Die erste Infoveranstaltung der Bürgerinitiative „Gerthe West – so nicht!“ hat gezeigt, dass Verwaltung und Politik vor Ort noch viel aufklären müssen. „Wir unterstützen unseren Oberbürgermeister Thomas Eiskirch darin, die Bürgerinnen und Bürger vor Ort stärker an den weiteren Planungen zu beteiligen. In der Bürgerinitiative gibt es viele Fehlinterpretationen des Rahmenplan-Vorentwurfs. Diese Fehlinterpretationen haben unberechtigterweise Ängste bei den Anwohnern des Planungsgebietes ausgelöst. Deshalb ist es wichtig, viele Gespräche zu führen und in den anstehenden Bürgerwerkstätten gemeinsam nach konstruktiven und kreativen Lösungen zu suchen. Neubebauung, Natur und Nachbarinteressen müssen in Einklang gebracht werden“, macht Keven Forbrig für die SPD deutlich.

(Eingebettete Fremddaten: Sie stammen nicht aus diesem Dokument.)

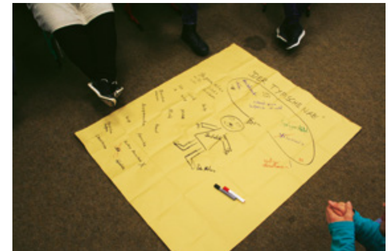
Übung zur Auseinandersetzung mit Vorstellungen über Rechtsextreme an einer Berufsschule.

Die Möglichkeiten in Form schulischer Wissensvermittlung zu intervenieren bieten sich bei den meisten Berufsschüler*innen letztmalig, bevor sie ins Berufsleben entlassen werden. Die dabei möglichen Handlungsalternativen unterscheiden sich wenig von den bereits benannten Möglichkeiten an anderen Schultypen. Die Spezifika der Berufsschule liegen vor allem in der Chance des Aufgreifens der spezifischen Lebenssituationen, die sich für die Auszubildenden ergeben. Es besteht eine reale Konkurrenzsituation um gesellschaftliche und soziale Güter. Eine subjektiv empfundene Benachteiligung, bspw. aufgrund

Für die SPD Bochum Nord bedeutet dies unter anderem, dass Grünflächen 50 Prozent der überplanten Fläche ausmachen. Wir wollen eine lockere Bebauung, die sich an die Umgebung anpasst. Das bedeutet für uns eine gute Mischung aus Einfamilienhäusern und Bungalows, Reihenhäusern und größeren Wohneinheiten. Mehrgenerationenhäuser und genossenschaftliche Eigentumsmodelle will die SPD neben öffentlich gefördertem Wohnraum besonders berücksichtigt wissen. Eine geschlossene sechsgeschossige Bebauung lehnen wir klar ab. Außerdem sollten ausreichend Pkw-Stellflächen in die Planung aufgenommen werden, die für die Nutzung von Elektromobilität vorbereitet werden.


Unstrittig ist für die SPD Bochum Nord: Übergänge zu Park und Landschaft sind sensibel zu gestalten; der Schutz von Natur- und Landschaftsschutzgebieten ist selbstverständlich zu berücksichtigen.